先日、渋谷の映画館で塙幸成さんが監督した『初恋』を観てきました。「3億円事件の犯人は女子高生だった」という、意表をつくストーリーの小説を映画化したものです。
映画の中で主要な場所のひとつになるのが、新宿のジャズ喫茶「B」です。これは、新宿に実在した「ジャズ・ヴィレッジ」がモデルです。その店内の様子を再現したいということで、あるつてからぼくに相談がありました。
1年くらい前でしょうか。監督をはじめスタッフのかた5~6名と渋谷の喫茶店でお会いしたんですね。ぼくの話を聞くだけなのにずいぶん大げさだなぁとそのときは思いました。プロデューサーや助監督や美術担当など、主要なスタッフがみなさんいらっしゃって、店内の様子を聞かれました。
ぼくは高校のときから大学に入ってしばらくの間、「ジャズ・ヴィレッジ」にときどき行っていました。間取りや壁の感じ、来ているお客さんのタイプなどは、鮮明というほどではありませんが、そこそこ記憶に残っています。それで、そんなお話をしたんですね。
映画の中のジャン喫茶は、ぼくのイメージとちょっと違っていました。当時はあんな風に会話ができませんし、登場人物の服装も人物像もジャズ喫茶にたむろしているタイプとは違います。あの感じは「風月堂」だよな、などと思いながら観ていましたが、大体において当時の風俗というか文化的な色彩はよく表現されていたと思います。
塙さんは1965年生まれですが、当時のことをかなり調べたんじゃないでしょうか。以前観た『三丁目の夕日』もそうですが、1950年代や60年代を舞台にした映画を作るのは大変難しいと思います。その時代をリアルタイムで生きていたひとがたくさんいて、ああだこうだといわれるからです。でも、どちらの映画もちょっとした時代考証のあやまりはあるにしても、概ね良好だと思いました。
ただしいつも気になるんですが、登場人物のタバコの吸いすぎはどうなんでしょう? ジャズ喫茶といえばタバコの煙がつきものですが、ちょっと気になりました。あのころだって、みんながこんなにタバコは吸っていなかったように思うのですが。
主人公の女子高生がヘルメットをかぶらずにオートバイを疾走させますが、これはOKでしょう。当時、ヘルメットの装着は義務づけられていませんでしたから、これはこれで却ってリアリティがあります。
ストーリーはこんな感じです。
「高校生のみすず(宮崎あおい)は幼いころに親類の家に引き取られ孤独な日々を送っていたが、ある日、長く会っていなかった兄(宮崎将)が突然現れ、新宿の繁華街にあるジャス喫茶「B」のマッチを渡される。数日後、「B」を訪れたみすずは店内で兄を慕う仲間たちに出会う。アングラ劇団の看板女優や、デモに参加している作家志望の浪人生らのうち、みすずはランボーの詩集を読む東大生の岸(小出恵介)に引かれていく。そして岸に3億円強奪を持ちかけられたみすずは、彼の役に立ちたい一心で犯行計画に手を貸す」
これは、1968年に東京・府中市内で3億円を積んだ現金輸送車が白バイ警官を装った男に車ごと奪われ、その後に時効となった実際の事件をテーマにした小説が原作です。
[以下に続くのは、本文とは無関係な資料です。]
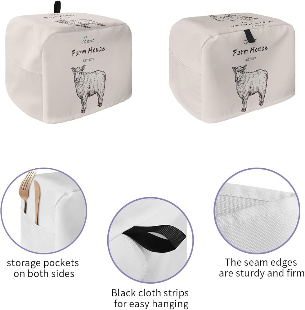 Toaster Dust Cover with Pockets, Farm House Alpaca American Rustic Style Beige Background Soft Washable 2 Slice Toaster Cover, Dust-proof Cover for Small Appliance Cover and Fingerprint Protection
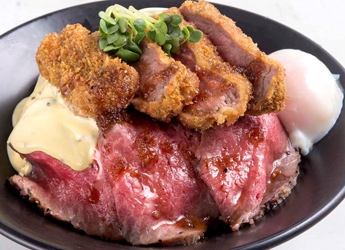 名物の牛カツは、サーロインを贅沢に使用した牛カツ丼として提供。
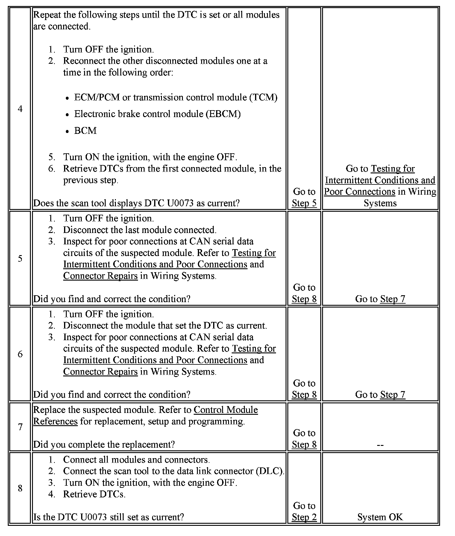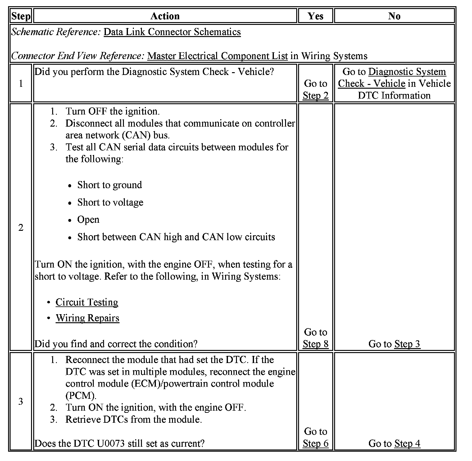 Modules connected to the controller area network (CAN) serial data circuits monitor for serial data communications during normal vehicle operation. Operating information and commands are exchanged among the modules. If no communication is detected on CAN serial data circuit, the DTC is set. A total non communication condition may be caused by a short to battery or voltage on any of the CAN circuits or a short between the CAN high and low circuits.
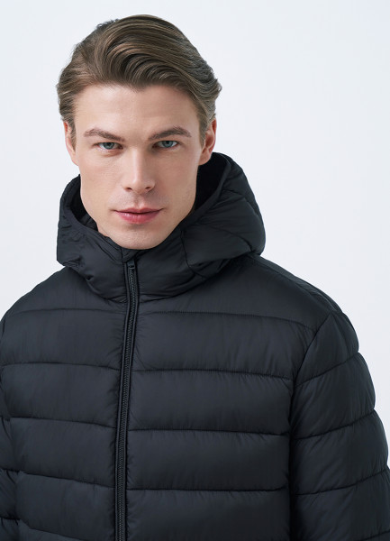 Утеплённая куртка с капюшоном, Черный
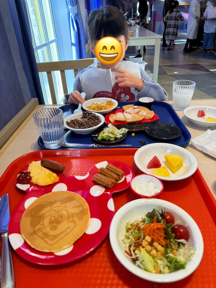 セレブレーションホテルでは朝食バイキングがあり、大人は1,900円。子どもは900円で食べることができます(3歳以下は無料)。バイキングのメニューは、ミッキーのパンケーキ、ミッキー型ハンバーグもあり、ディズニーランドを後にしてからもディズニー気分を味わうことができて楽しい朝食になりました。
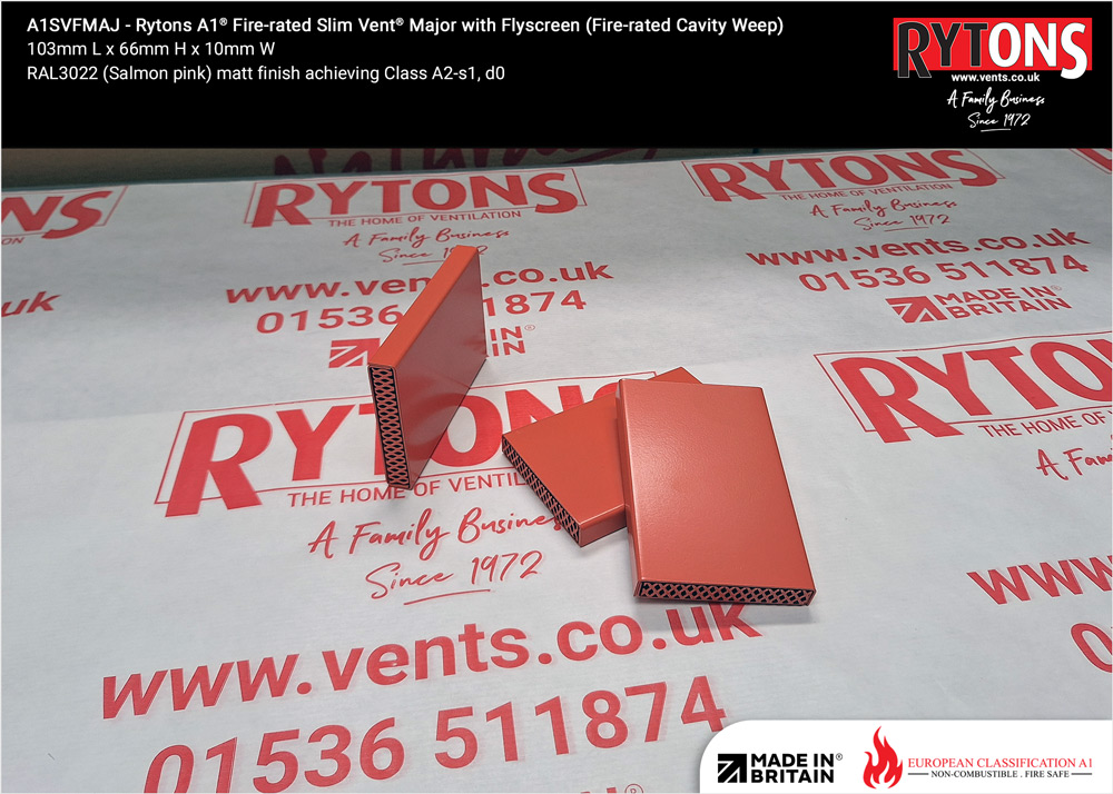 A1SVFMAJ: Rytons A1® Fire-rated Slim Vent® Major with Flyscreen - RAL3022 (Salmon pink)
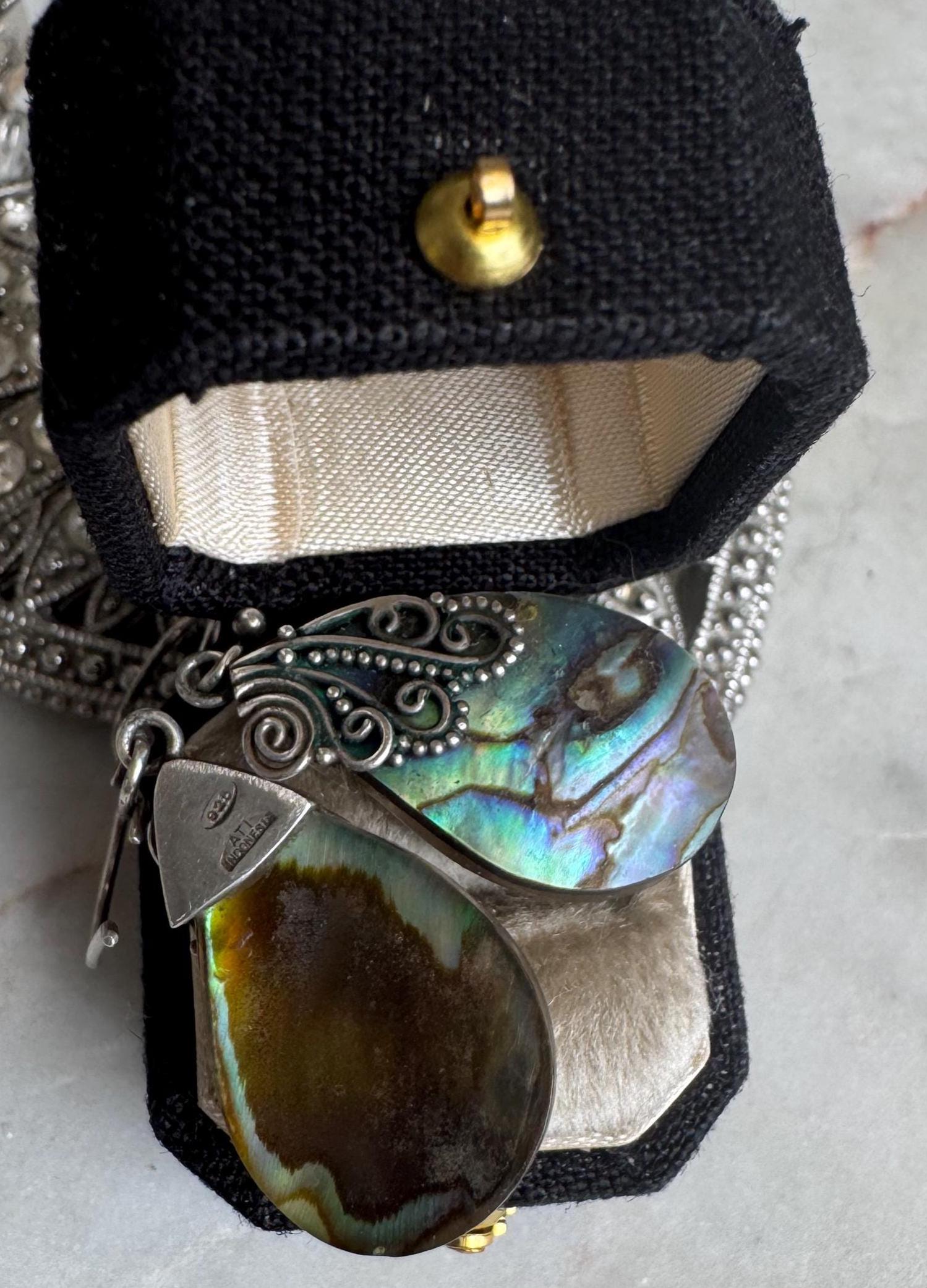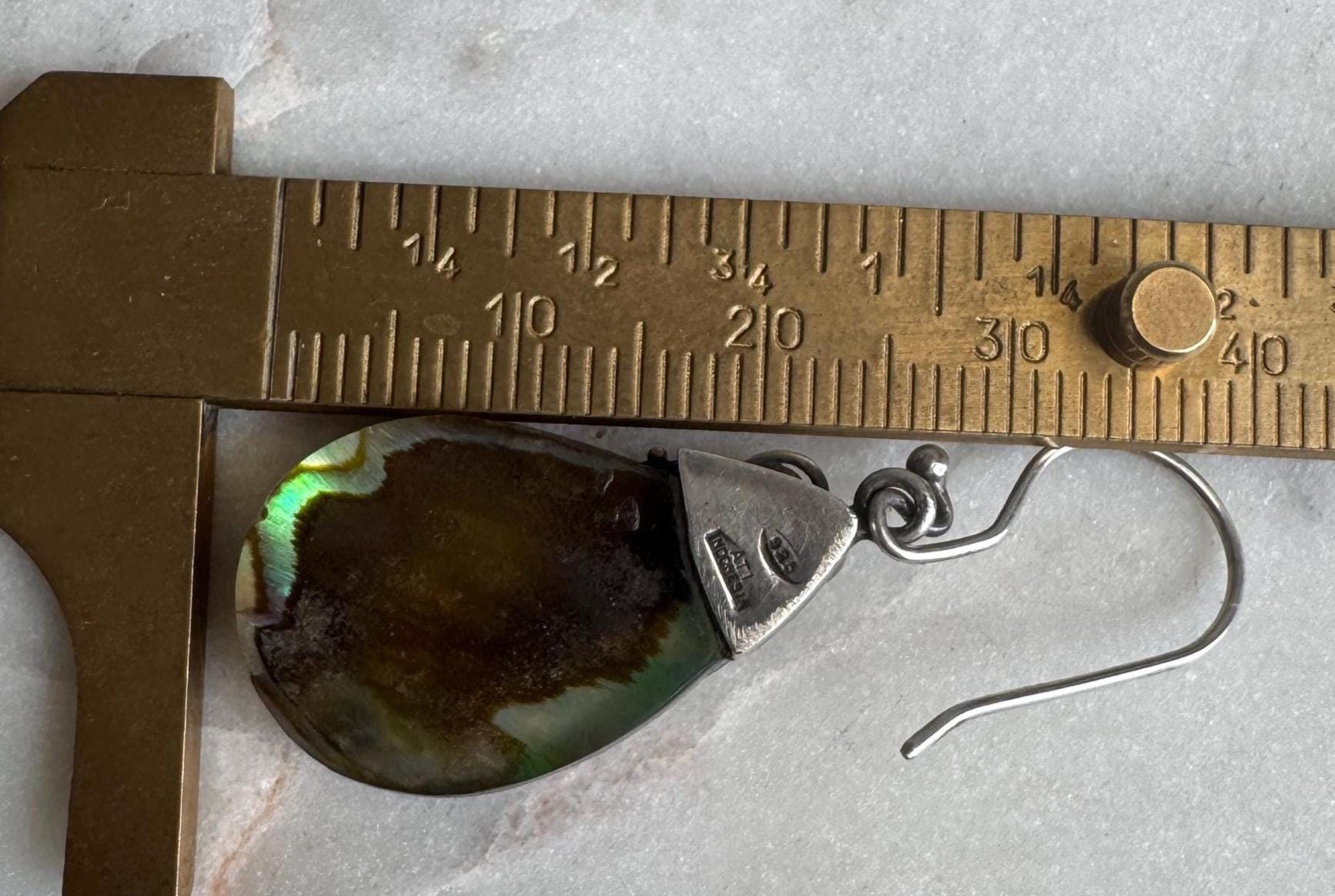 Sterling .925Abalone Center stone Fish hook pierced earring4.44 gramsVintage Pre-ownedCondition Excellent with minor surface scratchesDesigner Marked ATI Indonesia

このみすずとぼくはまったく同じ年です。ただし、彼女は本郷にある東大とおぼしき大学に入学するのですが、1969年は東大紛争で入試がなかったので、そのあたりはちょっと気になりました。
この映画、試写会の案内が届いていたんですが、映画は映画館の大きなスクリーンで観たいというのがポリシーなので、我慢して公開まで待ちました。それで、実は2週間前にも新宿の映画館まで行ったのですが、そのときは希望する回が満員になっていて観られませんでした。それで今回の再挑戦となったのです。このときも滑り込みセーフでした。公開されてちょうど3週間が過ぎたのに、まだ満員ですから、小さな映画館ではありましたがまあまあいい成績ではないでしょうか。
ぼくはまったく考えていなかったのですが、エンディング・ロールに協力者の名前がクレジットされていて、そこに名前が載っていたのは嬉しかったですね。実は撮影にも立ち会いたかったのですが、ジャズ喫茶のシーンを撮るのが10月で、そのときはストーンズやポールのライヴを観にアメリカに行っていたためかないませんでした。
それで映画ですが、ほのかな恋心を芽生えさせた少女の気持ちが切なくて、ほのぼのとしたラヴ・ストーリーになっていました。こういう映画は嫌いじゃないです。元ちとせの主題歌もぼくは好きですね。